---------- Records supplied ----------
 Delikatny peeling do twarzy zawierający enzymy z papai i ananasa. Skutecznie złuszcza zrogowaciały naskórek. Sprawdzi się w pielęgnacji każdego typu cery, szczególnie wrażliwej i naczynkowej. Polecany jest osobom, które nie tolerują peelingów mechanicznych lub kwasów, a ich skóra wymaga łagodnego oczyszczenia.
----------
---------- Records supplied ----------
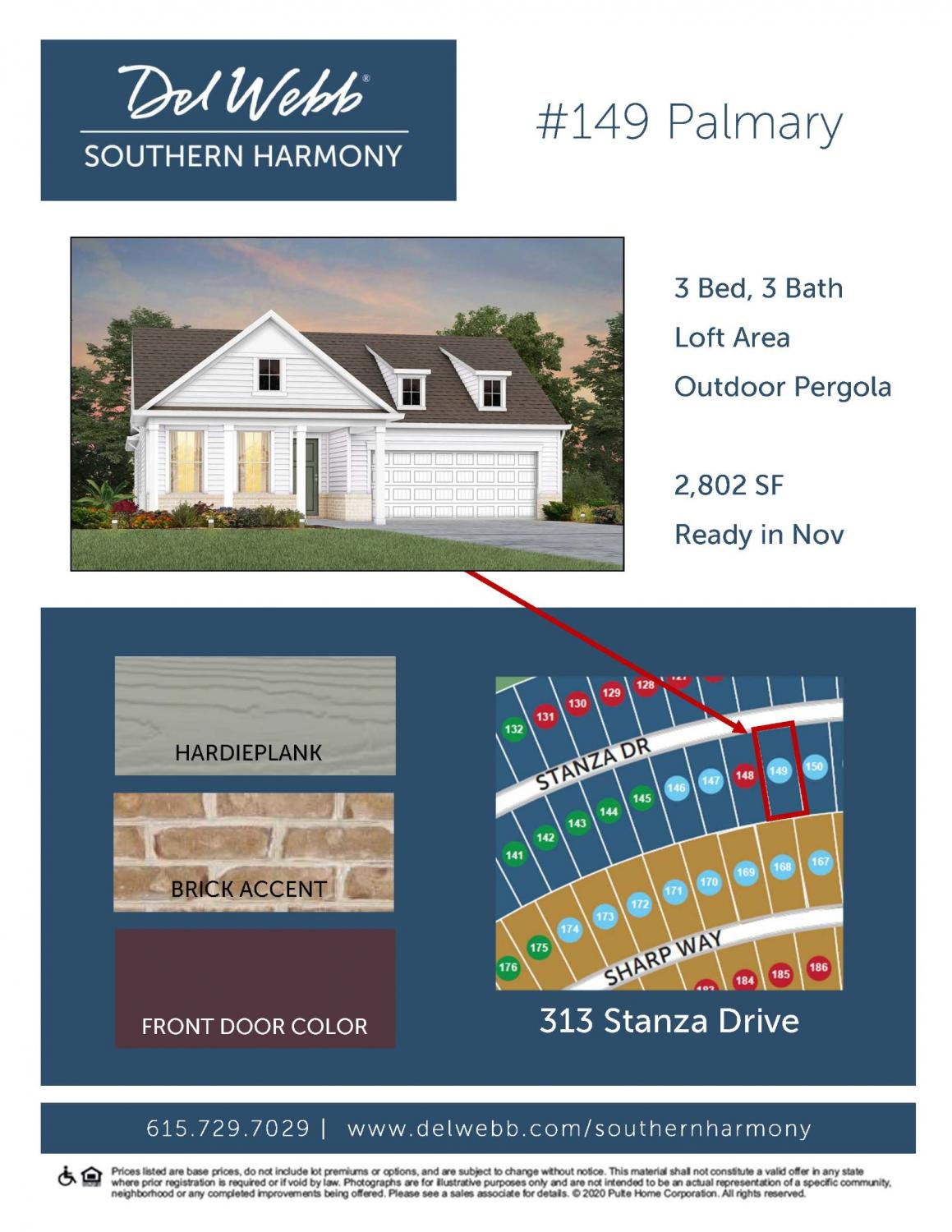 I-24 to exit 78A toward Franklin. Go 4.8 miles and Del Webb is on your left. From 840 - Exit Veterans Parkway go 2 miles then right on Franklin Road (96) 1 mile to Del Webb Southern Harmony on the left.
----------
---------- Records supplied ----------
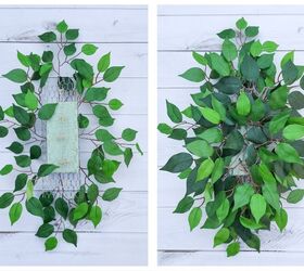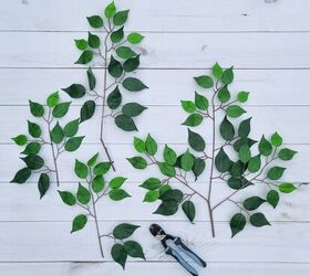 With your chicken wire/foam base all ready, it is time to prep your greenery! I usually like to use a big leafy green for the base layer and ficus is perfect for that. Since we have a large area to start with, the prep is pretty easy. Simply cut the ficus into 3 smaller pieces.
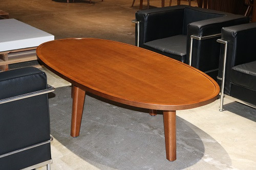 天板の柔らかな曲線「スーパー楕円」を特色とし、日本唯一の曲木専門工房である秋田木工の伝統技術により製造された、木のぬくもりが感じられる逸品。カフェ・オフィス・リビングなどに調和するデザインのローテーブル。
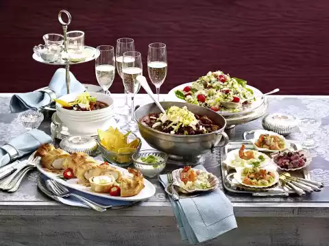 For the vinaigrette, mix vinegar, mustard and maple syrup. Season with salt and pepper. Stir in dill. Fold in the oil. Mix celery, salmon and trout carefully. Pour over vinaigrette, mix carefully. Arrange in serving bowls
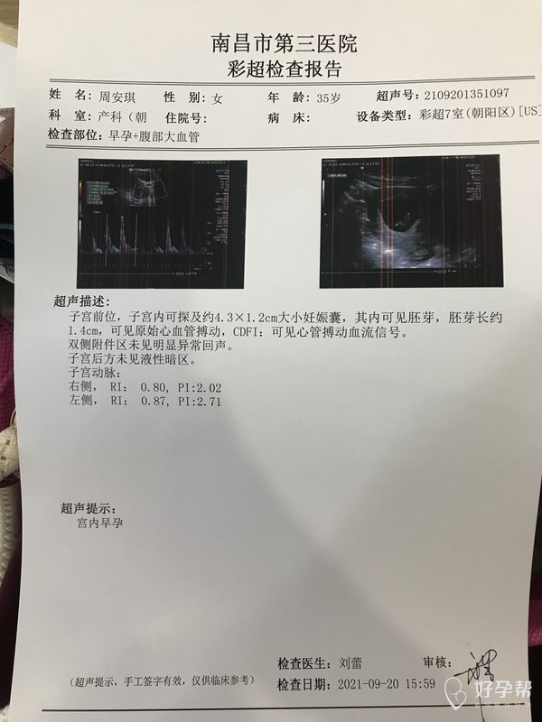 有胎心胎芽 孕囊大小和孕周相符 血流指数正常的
----------
■ Task objective
All that should appear in the answer is the lines above from the line with "For the vinaigrette, mix" through the line with "有胎心胎芽 孕囊大小和孕周相符 血流指数正常的", retyped exactly, pictures left out.

■ Written solution
 For the vinaigrette, mix vinegar, mustard and maple syrup. Season with salt and pepper. Stir in dill. Fold in the oil. Mix celery, salmon and trout carefully. Pour over vinaigrette, mix carefully. Arrange in serving bowls
 有胎心胎芽 孕囊大小和孕周相符 血流指数正常的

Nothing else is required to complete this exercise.